Constructing his own spacecraft required some math skills, though nowhere near the level necessary to actually become an astronaut; so Chakeres went to photography school instead. He had begun pointing his dad’s Rolleiflex at the television set during NASA's televised launches years earlier. By the time the space shuttle program kicked off in Florida, he had worked for Ansel Adams and was ready to take on a monumental subject. "I didn't go down there as a journalist, but as an artist," he says. "I wanted to do these majestic portraits of the space shuttle."

Those were busy days. 
Several times a year, Chakeres would load his Land Cruiser down with camera gear and drive all night to get to the Kennedy Space Center. NASA allowed photographers to place their cameras as close as 1,000 feet from the launch pad but required they stand much further away. So Chakeres would set his Hasselblad EL/M on site a couple days in advance, protected from the aggressive Florida sunshine inside an aluminum case he DIY'd himself. He also used his Macintosh 128K to design a mechanism that tripped the camera's shutter when it sensed a loud sound or flash of light.

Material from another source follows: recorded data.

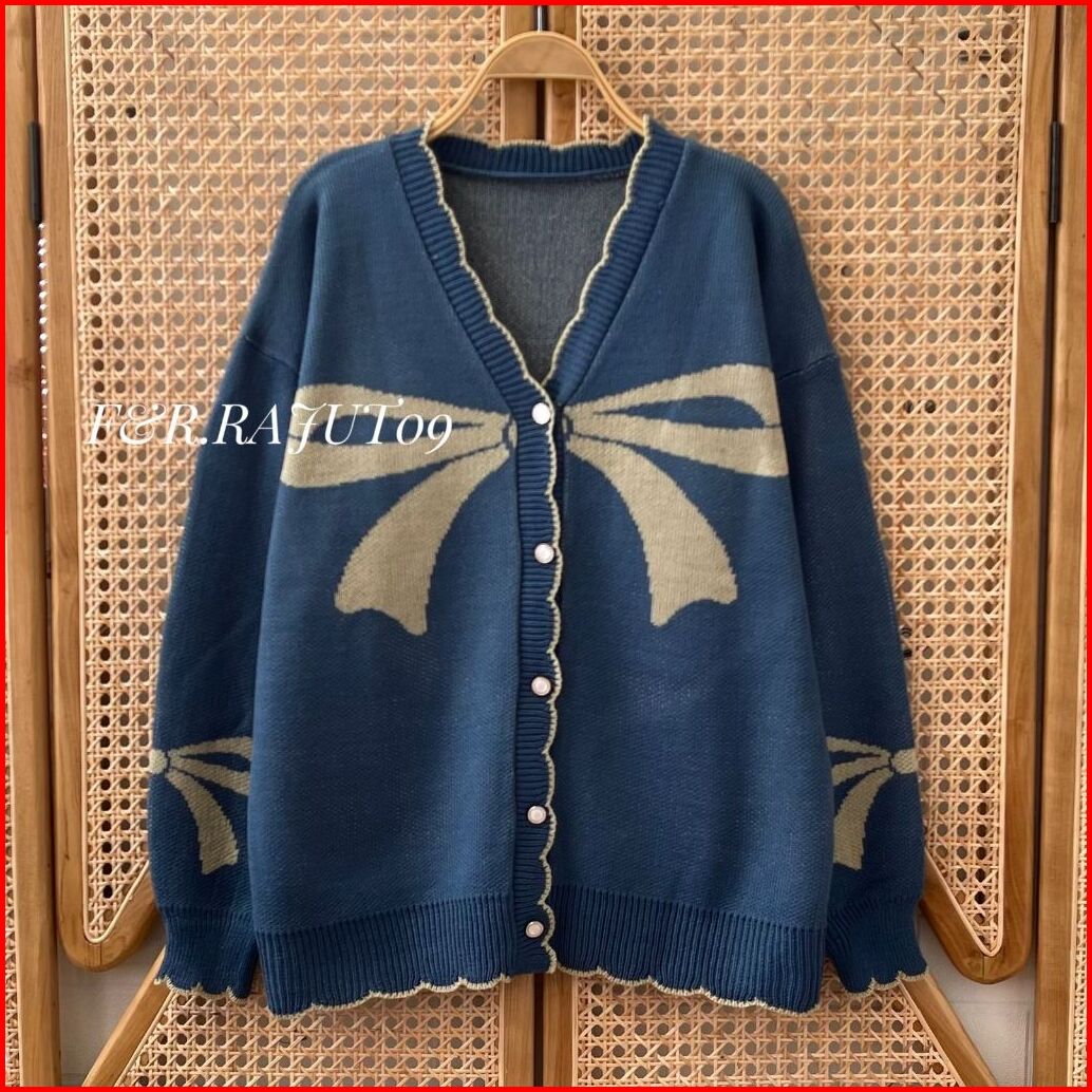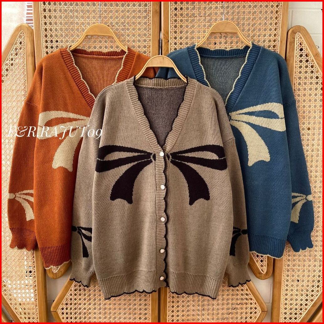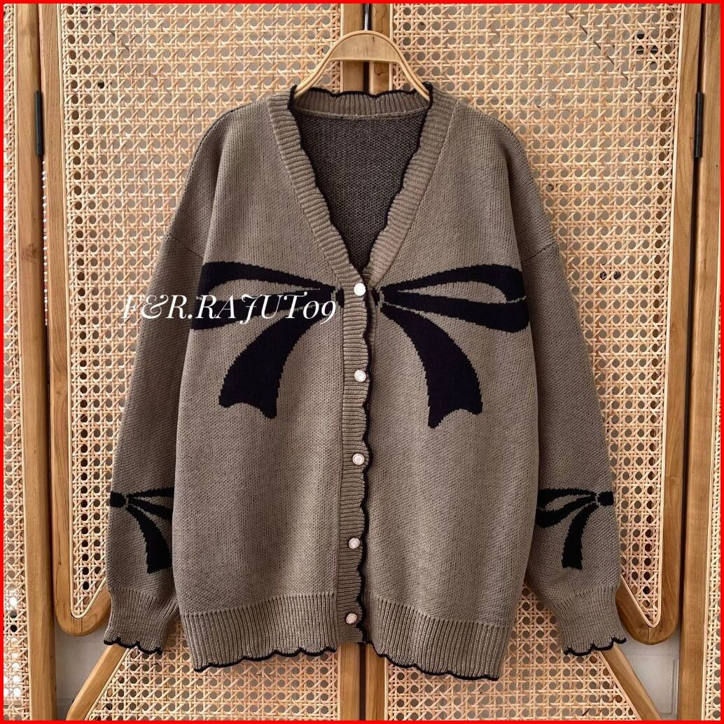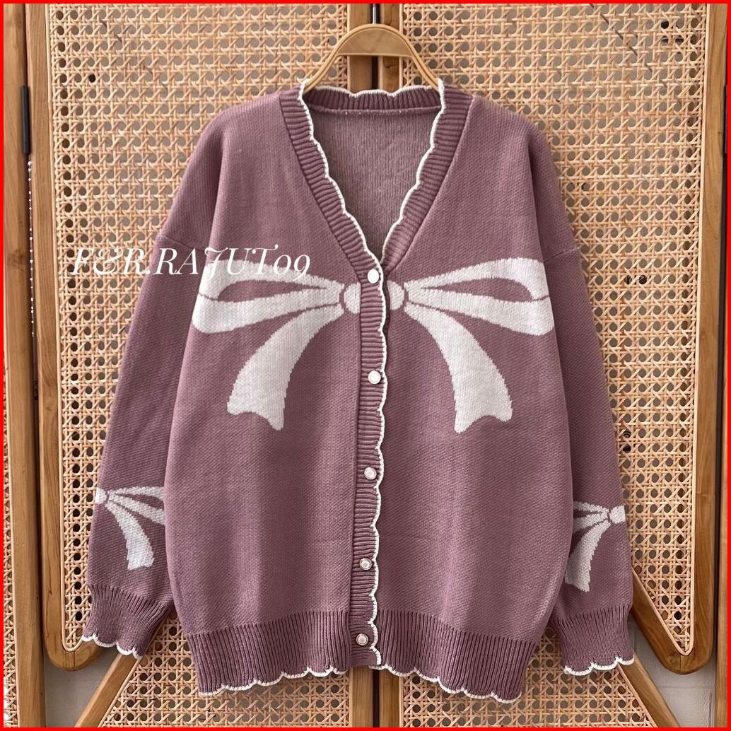 F R Ribbon Cardigan Rajut Premium Motif Pita Wanita Oversize Lengan Panjang Kekinian
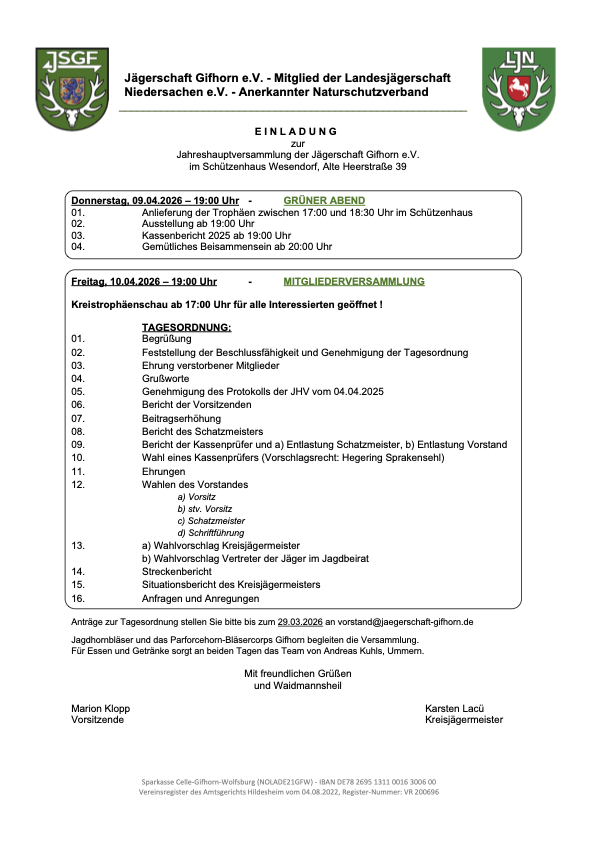 Sie wünscht weiterhin viel Erfolg in der laufenden Jagdsaison und einen guten Nachhauseweg.
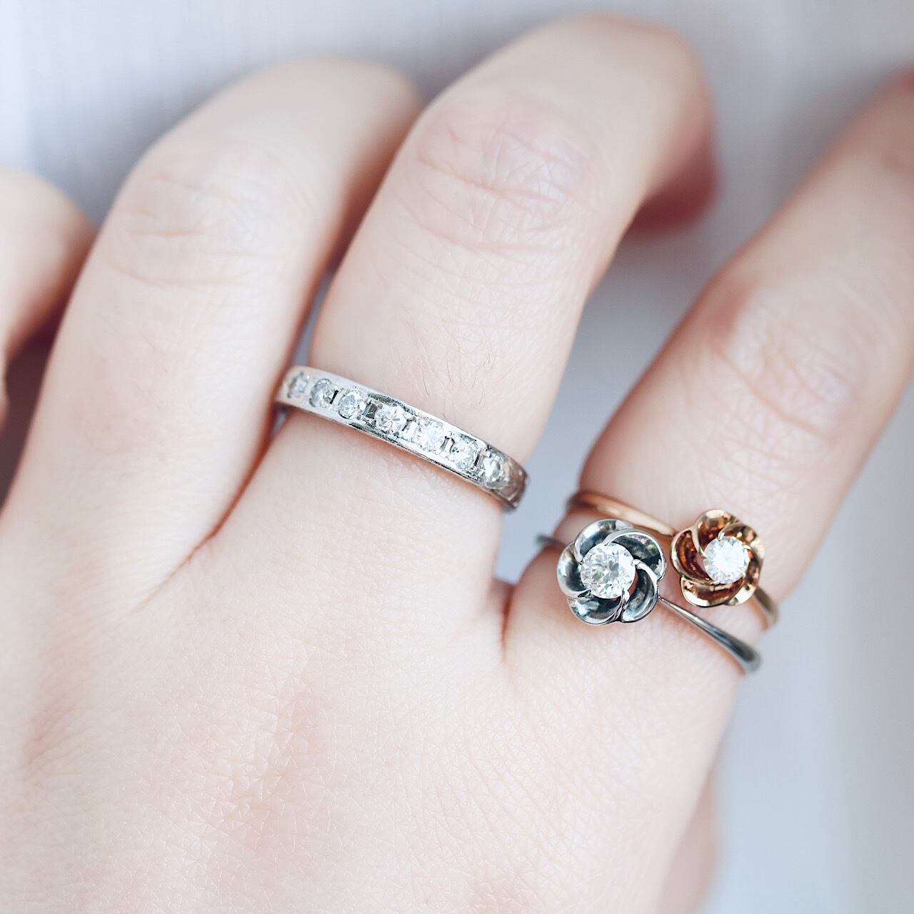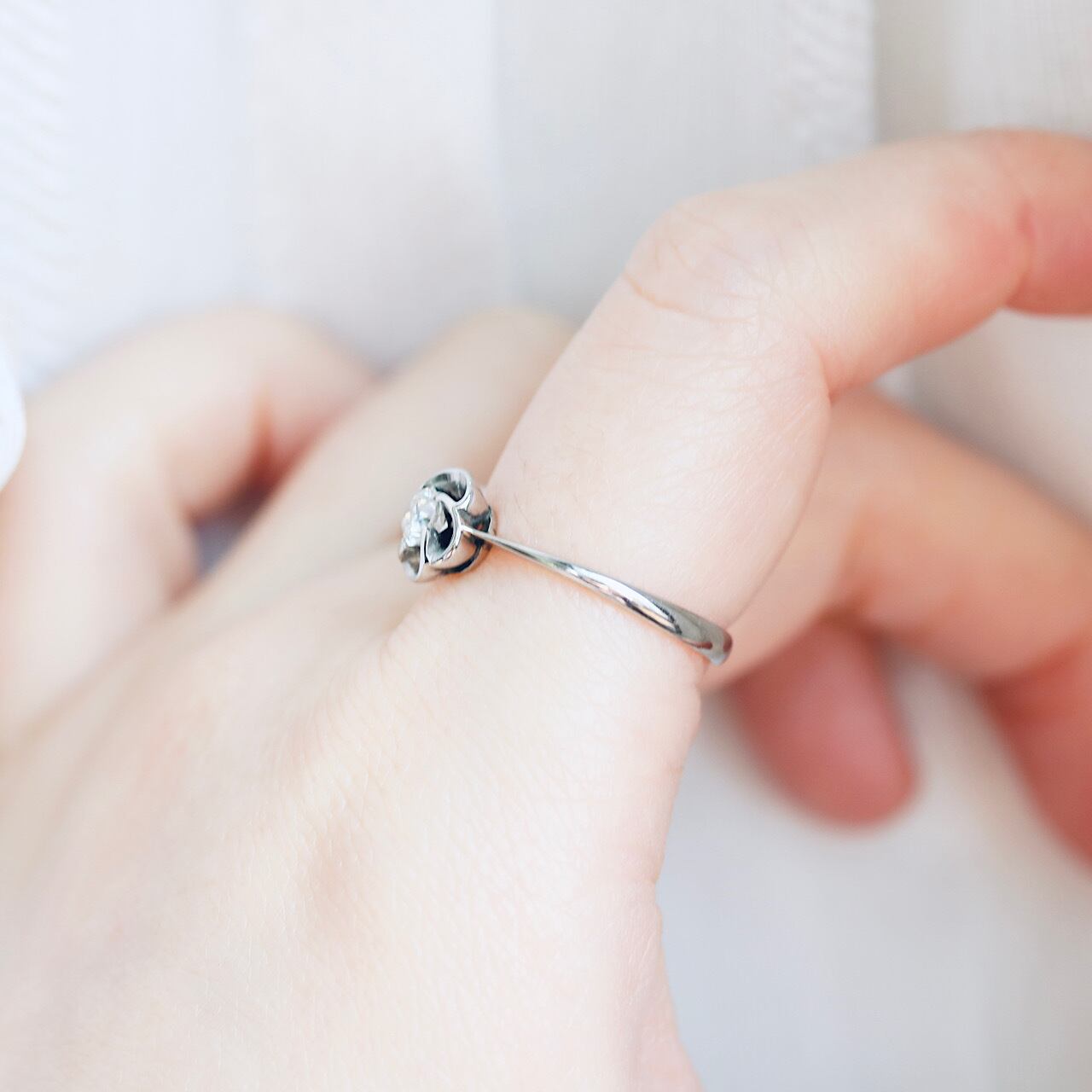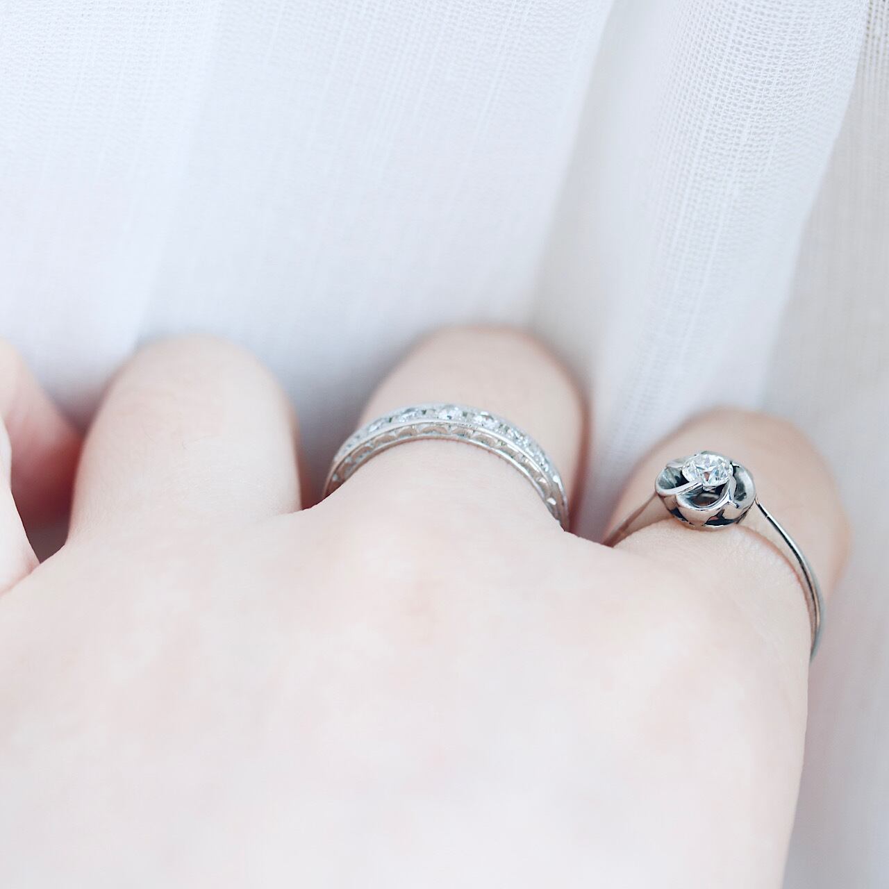 梅の花が優雅で日本らしい意匠の一粒ダイヤモンドのヴィンテージリング。

For landings, which were much more quiet, Chakeres laid four miles of wire down and built signal amplifiers to manually trigger the cameras.

You can sense Chakeres' incredible dedication, awe, and reverence as you peruse his photos. They're a striking homage to a glorious time in space travel, as well as a rewarding period in the photographer's own career. "It was a rare opportunity for me as an artist to be able to go back to an unfinished body of work from 30 years ago," Chakeres says, "to revisit, reimagine and re-experience it."